## YOUR TASK:
Transcribe each entry exactly, without pictures.

--- STUDY MATERIAL Enclosed Below ---

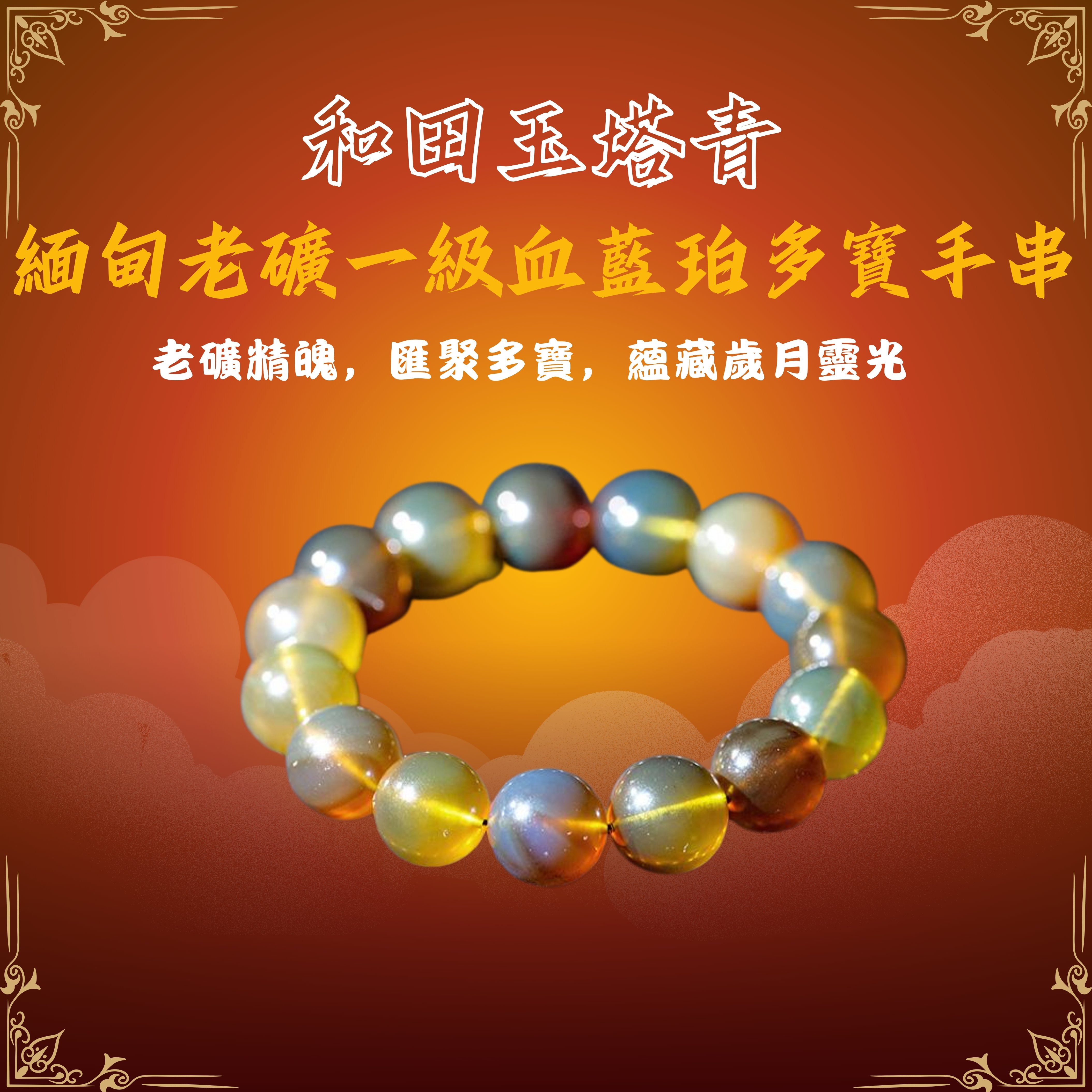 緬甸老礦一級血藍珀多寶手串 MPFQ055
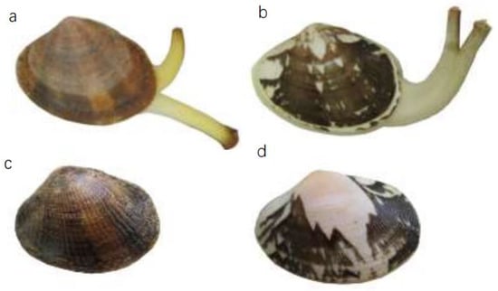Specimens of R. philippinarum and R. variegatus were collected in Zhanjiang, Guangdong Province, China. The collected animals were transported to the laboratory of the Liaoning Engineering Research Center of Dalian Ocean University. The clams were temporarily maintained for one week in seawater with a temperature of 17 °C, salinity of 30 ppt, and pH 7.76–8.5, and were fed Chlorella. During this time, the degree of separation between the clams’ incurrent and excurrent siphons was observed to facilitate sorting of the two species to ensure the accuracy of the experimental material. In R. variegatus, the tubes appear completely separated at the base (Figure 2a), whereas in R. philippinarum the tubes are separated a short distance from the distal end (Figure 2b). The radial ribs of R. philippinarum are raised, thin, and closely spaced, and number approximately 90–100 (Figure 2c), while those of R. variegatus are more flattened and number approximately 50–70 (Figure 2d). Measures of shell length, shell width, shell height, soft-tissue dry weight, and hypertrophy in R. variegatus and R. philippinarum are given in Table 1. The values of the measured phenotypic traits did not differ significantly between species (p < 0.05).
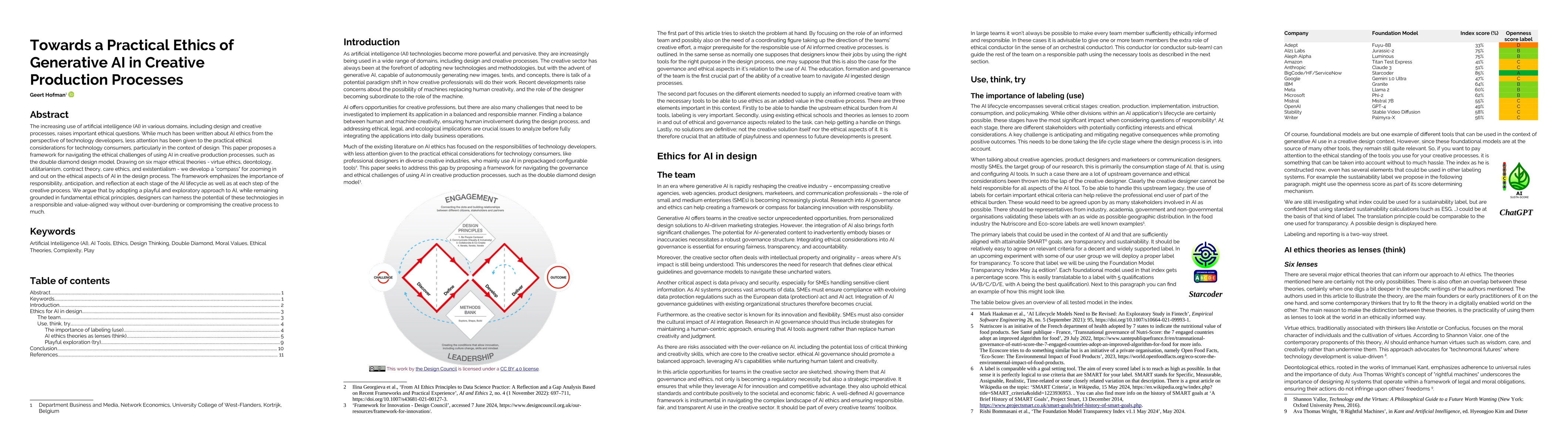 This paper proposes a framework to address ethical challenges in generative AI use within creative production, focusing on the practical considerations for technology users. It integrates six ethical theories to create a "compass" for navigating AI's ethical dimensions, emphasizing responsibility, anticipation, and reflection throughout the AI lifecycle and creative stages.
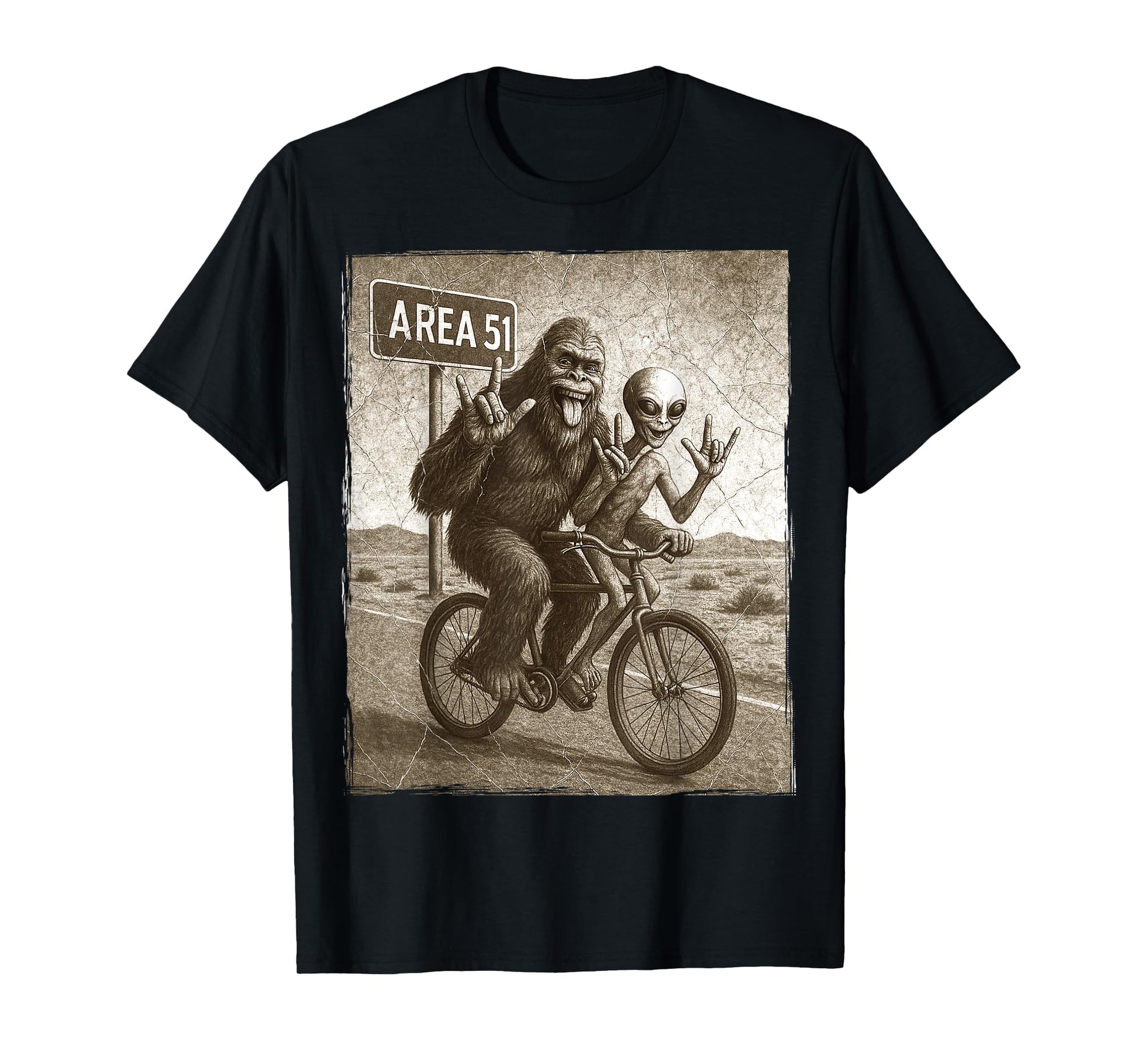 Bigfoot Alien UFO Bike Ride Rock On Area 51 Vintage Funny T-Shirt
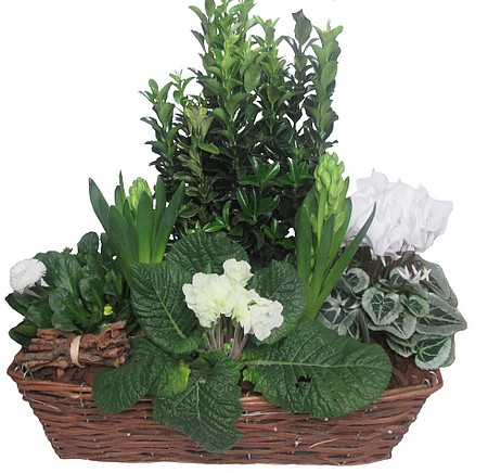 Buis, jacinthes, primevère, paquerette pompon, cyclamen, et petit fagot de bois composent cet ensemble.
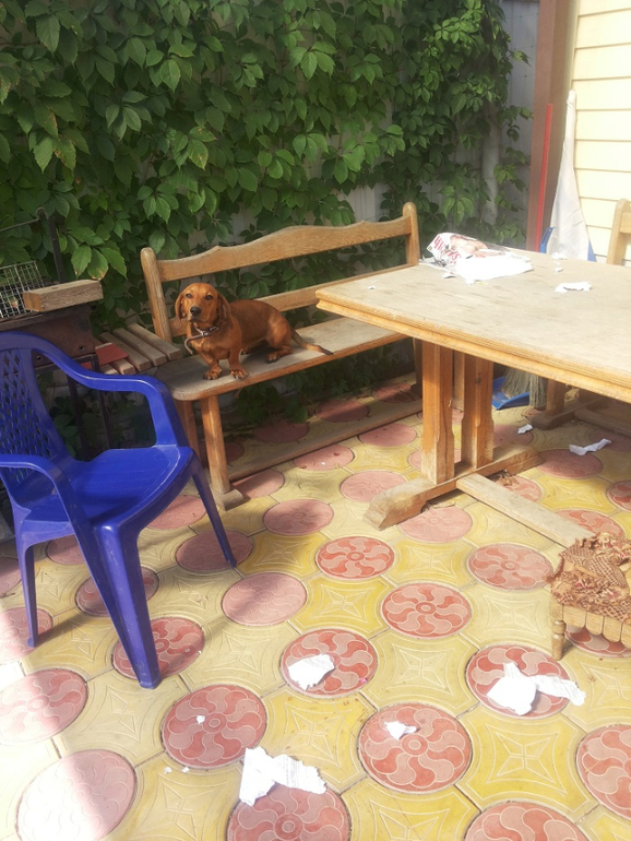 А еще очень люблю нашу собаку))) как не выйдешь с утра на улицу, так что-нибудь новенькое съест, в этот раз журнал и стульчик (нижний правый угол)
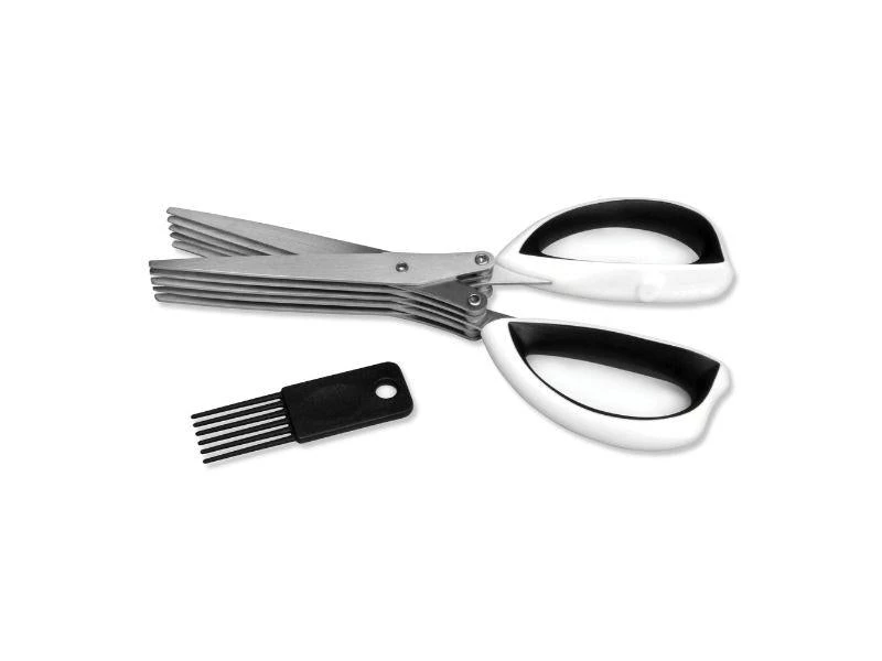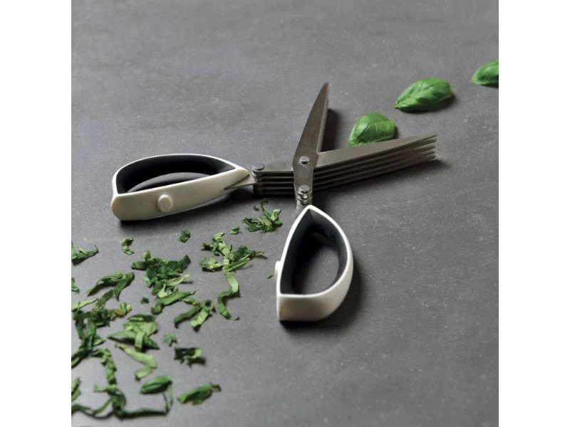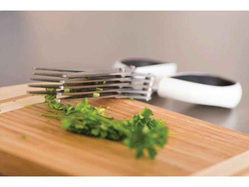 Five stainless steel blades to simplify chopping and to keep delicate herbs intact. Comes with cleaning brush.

--- End of Enclosed STUDY MATERIAL ---

## RESPONSE TO THIS TASK:
 緬甸老礦一級血藍珀多寶手串 MPFQ055
Specimens of R. philippinarum and R. variegatus were collected in Zhanjiang, Guangdong Province, China. The collected animals were transported to the laboratory of the Liaoning Engineering Research Center of Dalian Ocean University. The clams were temporarily maintained for one week in seawater with a temperature of 17 °C, salinity of 30 ppt, and pH 7.76–8.5, and were fed Chlorella. During this time, the degree of separation between the clams’ incurrent and excurrent siphons was observed to facilitate sorting of the two species to ensure the accuracy of the experimental material. In R. variegatus, the tubes appear completely separated at the base (Figure 2a), whereas in R. philippinarum the tubes are separated a short distance from the distal end (Figure 2b). The radial ribs of R. philippinarum are raised, thin, and closely spaced, and number approximately 90–100 (Figure 2c), while those of R. variegatus are more flattened and number approximately 50–70 (Figure 2d). Measures of shell length, shell width, shell height, soft-tissue dry weight, and hypertrophy in R. variegatus and R. philippinarum are given in Table 1. The values of the measured phenotypic traits did not differ significantly between species (p < 0.05).
 This paper proposes a framework to address ethical challenges in generative AI use within creative production, focusing on the practical considerations for technology users. It integrates six ethical theories to create a "compass" for navigating AI's ethical dimensions, emphasizing responsibility, anticipation, and reflection throughout the AI lifecycle and creative stages.
 Bigfoot Alien UFO Bike Ride Rock On Area 51 Vintage Funny T-Shirt
 Buis, jacinthes, primevère, paquerette pompon, cyclamen, et petit fagot de bois composent cet ensemble.
 А еще очень люблю нашу собаку))) как не выйдешь с утра на улицу, так что-нибудь новенькое съест, в этот раз журнал и стульчик (нижний правый угол)
 Five stainless steel blades to simplify chopping and to keep delicate herbs intact. Comes with cleaning brush.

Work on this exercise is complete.